▶ _ASSIGNMENT_: Print, exactly as they stand, the lines below from the one that has "Características principais: •" to the one that has "Schöner, langer Klettersteig", inclusive, leaving out the pictures.

▶ _EXCERPTED RECORDS_:
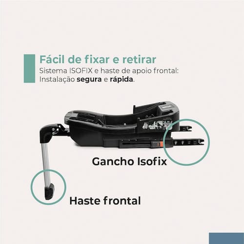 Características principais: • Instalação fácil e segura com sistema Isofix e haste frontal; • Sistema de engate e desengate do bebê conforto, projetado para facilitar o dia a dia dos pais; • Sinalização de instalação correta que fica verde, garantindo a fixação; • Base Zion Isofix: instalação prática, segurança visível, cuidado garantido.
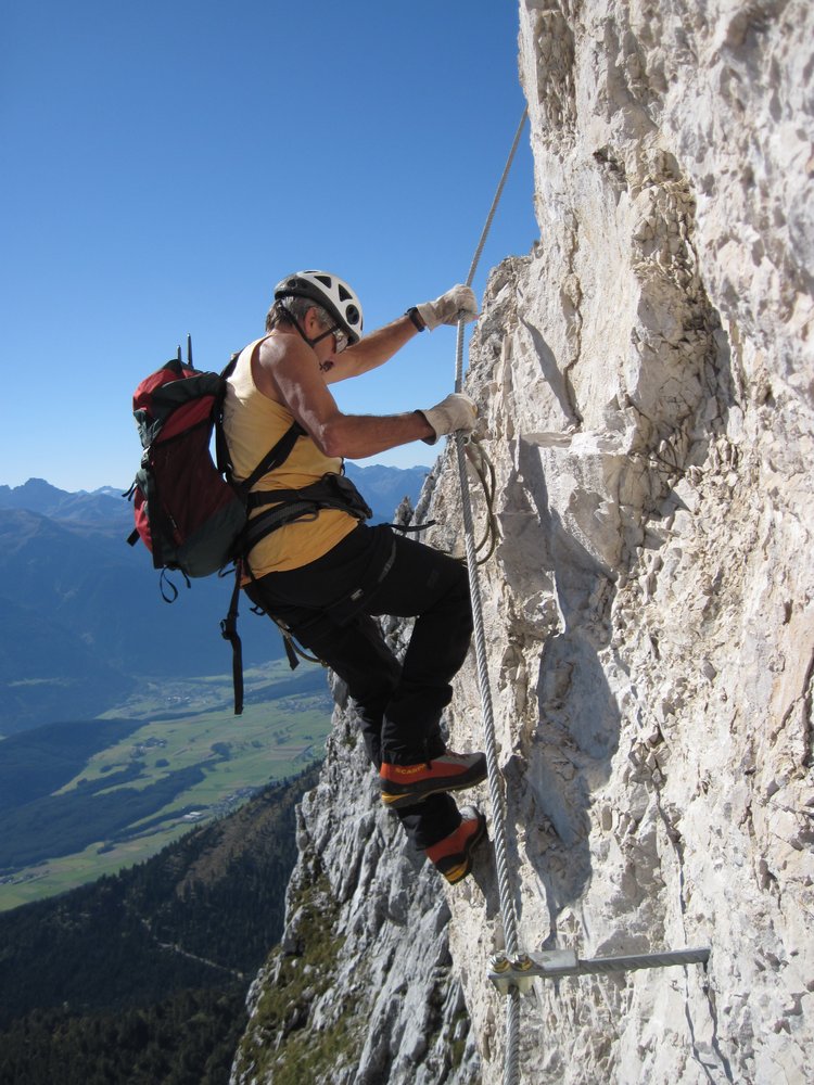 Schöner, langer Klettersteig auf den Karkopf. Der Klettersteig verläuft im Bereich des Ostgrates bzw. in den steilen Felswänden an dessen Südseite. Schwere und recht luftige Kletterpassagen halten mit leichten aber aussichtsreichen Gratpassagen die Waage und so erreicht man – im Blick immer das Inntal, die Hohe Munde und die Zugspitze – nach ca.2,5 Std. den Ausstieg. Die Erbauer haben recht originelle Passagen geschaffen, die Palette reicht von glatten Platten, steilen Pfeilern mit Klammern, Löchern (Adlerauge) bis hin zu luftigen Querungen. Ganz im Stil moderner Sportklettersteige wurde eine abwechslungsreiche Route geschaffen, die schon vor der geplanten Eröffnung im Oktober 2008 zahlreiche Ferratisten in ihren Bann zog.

* * *

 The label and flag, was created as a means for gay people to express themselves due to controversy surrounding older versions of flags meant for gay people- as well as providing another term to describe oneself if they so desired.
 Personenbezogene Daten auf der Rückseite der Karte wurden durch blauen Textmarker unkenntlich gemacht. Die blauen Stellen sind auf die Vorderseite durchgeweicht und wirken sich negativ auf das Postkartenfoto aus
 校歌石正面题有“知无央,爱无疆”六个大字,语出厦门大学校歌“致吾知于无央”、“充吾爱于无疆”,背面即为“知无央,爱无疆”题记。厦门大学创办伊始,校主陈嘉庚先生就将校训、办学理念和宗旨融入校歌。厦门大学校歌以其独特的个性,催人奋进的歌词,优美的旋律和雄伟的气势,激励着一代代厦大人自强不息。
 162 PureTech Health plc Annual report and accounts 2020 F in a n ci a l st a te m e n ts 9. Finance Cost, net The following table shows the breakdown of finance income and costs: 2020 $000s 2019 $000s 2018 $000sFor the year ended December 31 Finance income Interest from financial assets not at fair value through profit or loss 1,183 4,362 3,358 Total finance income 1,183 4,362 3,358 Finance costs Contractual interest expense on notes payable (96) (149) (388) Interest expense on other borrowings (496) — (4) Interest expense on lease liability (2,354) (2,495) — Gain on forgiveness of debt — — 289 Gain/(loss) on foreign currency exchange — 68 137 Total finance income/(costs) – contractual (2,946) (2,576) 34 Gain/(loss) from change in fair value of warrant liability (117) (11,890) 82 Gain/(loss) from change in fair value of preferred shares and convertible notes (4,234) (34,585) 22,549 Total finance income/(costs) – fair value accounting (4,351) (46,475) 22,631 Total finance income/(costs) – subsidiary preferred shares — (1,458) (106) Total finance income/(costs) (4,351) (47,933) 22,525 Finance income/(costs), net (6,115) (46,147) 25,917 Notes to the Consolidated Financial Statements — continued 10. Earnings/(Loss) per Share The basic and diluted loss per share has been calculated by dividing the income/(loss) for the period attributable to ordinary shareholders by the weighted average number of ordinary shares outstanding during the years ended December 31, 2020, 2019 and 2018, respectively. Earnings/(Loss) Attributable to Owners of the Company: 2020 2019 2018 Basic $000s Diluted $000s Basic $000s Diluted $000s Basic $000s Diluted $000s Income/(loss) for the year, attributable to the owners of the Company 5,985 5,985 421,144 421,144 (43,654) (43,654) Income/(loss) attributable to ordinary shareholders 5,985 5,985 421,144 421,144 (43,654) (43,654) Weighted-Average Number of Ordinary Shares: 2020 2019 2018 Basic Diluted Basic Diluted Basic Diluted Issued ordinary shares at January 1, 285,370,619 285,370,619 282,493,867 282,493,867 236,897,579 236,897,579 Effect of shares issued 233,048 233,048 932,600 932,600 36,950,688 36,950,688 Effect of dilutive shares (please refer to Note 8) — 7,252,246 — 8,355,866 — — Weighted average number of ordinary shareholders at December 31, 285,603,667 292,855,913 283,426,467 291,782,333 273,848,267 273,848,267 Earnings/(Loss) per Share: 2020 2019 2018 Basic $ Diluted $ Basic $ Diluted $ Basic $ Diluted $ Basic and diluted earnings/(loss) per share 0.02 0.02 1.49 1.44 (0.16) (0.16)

--

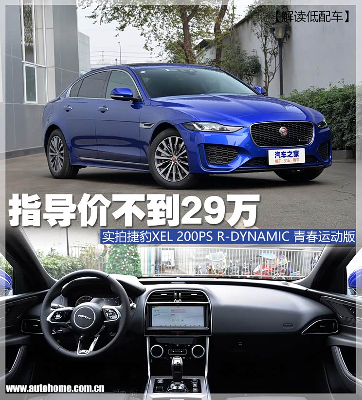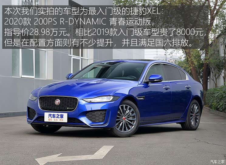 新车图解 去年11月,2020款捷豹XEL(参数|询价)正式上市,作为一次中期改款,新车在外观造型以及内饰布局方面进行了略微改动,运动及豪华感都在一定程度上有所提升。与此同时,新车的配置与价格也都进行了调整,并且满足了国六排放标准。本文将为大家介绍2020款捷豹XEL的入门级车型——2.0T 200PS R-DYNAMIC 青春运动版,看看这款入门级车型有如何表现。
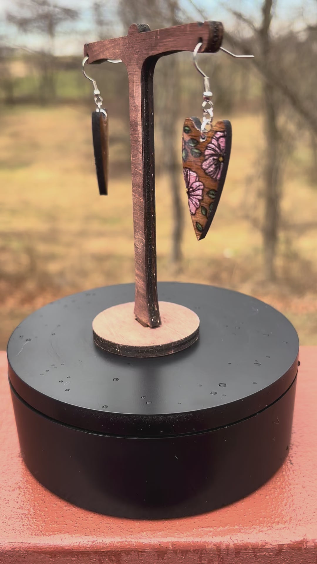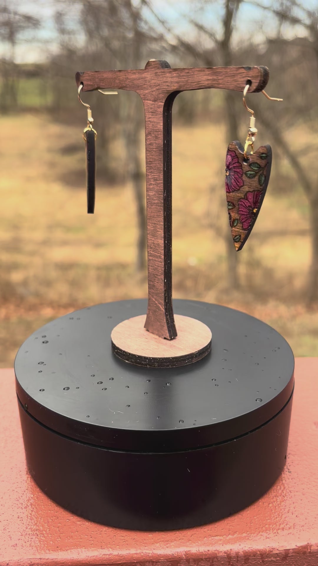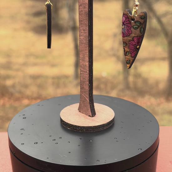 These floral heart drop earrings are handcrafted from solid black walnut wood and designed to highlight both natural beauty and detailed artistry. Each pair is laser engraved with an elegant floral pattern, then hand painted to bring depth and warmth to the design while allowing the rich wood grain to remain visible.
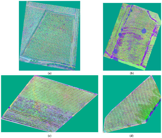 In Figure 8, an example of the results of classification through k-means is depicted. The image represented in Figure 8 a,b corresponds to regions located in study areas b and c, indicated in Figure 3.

▶ _OUTPUT BELOW_:
 Características principais: • Instalação fácil e segura com sistema Isofix e haste frontal; • Sistema de engate e desengate do bebê conforto, projetado para facilitar o dia a dia dos pais; • Sinalização de instalação correta que fica verde, garantindo a fixação; • Base Zion Isofix: instalação prática, segurança visível, cuidado garantido.
 Schöner, langer Klettersteig auf den Karkopf. Der Klettersteig verläuft im Bereich des Ostgrates bzw. in den steilen Felswänden an dessen Südseite. Schwere und recht luftige Kletterpassagen halten mit leichten aber aussichtsreichen Gratpassagen die Waage und so erreicht man – im Blick immer das Inntal, die Hohe Munde und die Zugspitze – nach ca.2,5 Std. den Ausstieg. Die Erbauer haben recht originelle Passagen geschaffen, die Palette reicht von glatten Platten, steilen Pfeilern mit Klammern, Löchern (Adlerauge) bis hin zu luftigen Querungen. Ganz im Stil moderner Sportklettersteige wurde eine abwechslungsreiche Route geschaffen, die schon vor der geplanten Eröffnung im Oktober 2008 zahlreiche Ferratisten in ihren Bann zog.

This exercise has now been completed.